DATA BELOW →
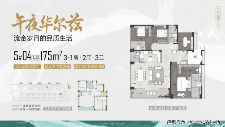 建面约 175㎡ 四房两厅三卫户型:南北双套间设计,超大一体化社交聚厅,灵动百变空间,五开间朝南,终极改善顶配户型。
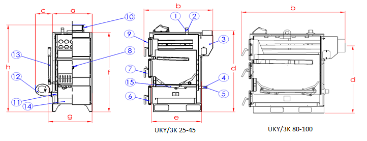 ÜNMAK ÜKY-3K Serisi kat kaloriferleri, odun ve kömür gibi katı yakıtları yakmaya uygun olup çeşitli kapasitelerde üretilmektedir. Özellikle kazanı söndürmeden; yastıklama yakmaya uygun olarak tasarlanmıştır. Üstün özellikleri sayesinde; konforlu ısınma sağlar ve kullanımı oldukça kolaydır.
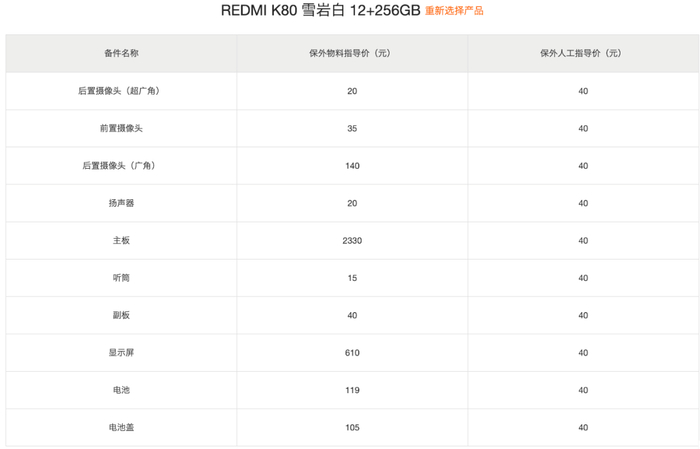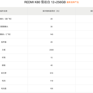 首先是K80标准版,以12+256GB雪岩白配色为例,保外物料指导价具体为:前置35元,后置主摄140元,后置超广角20元,扬声器20元,主板2330元(不同存储版本不同,如16GB+1TB版是2870元),副板40元,屏幕610元,电池119元,电池盖105元,听筒15元。(保外人工指导价40元)

TRY IT →
Only the lines from the one containing "ÜNMAK ÜKY-3K Serisi" through the final line of the data should be given again, exactly and without pictures.

RESULT OF THIS EXERCISE →
 ÜNMAK ÜKY-3K Serisi kat kaloriferleri, odun ve kömür gibi katı yakıtları yakmaya uygun olup çeşitli kapasitelerde üretilmektedir. Özellikle kazanı söndürmeden; yastıklama yakmaya uygun olarak tasarlanmıştır. Üstün özellikleri sayesinde; konforlu ısınma sağlar ve kullanımı oldukça kolaydır.
 首先是K80标准版,以12+256GB雪岩白配色为例,保外物料指导价具体为:前置35元,后置主摄140元,后置超广角20元,扬声器20元,主板2330元(不同存储版本不同,如16GB+1TB版是2870元),副板40元,屏幕610元,电池119元,电池盖105元,听筒15元。(保外人工指导价40元)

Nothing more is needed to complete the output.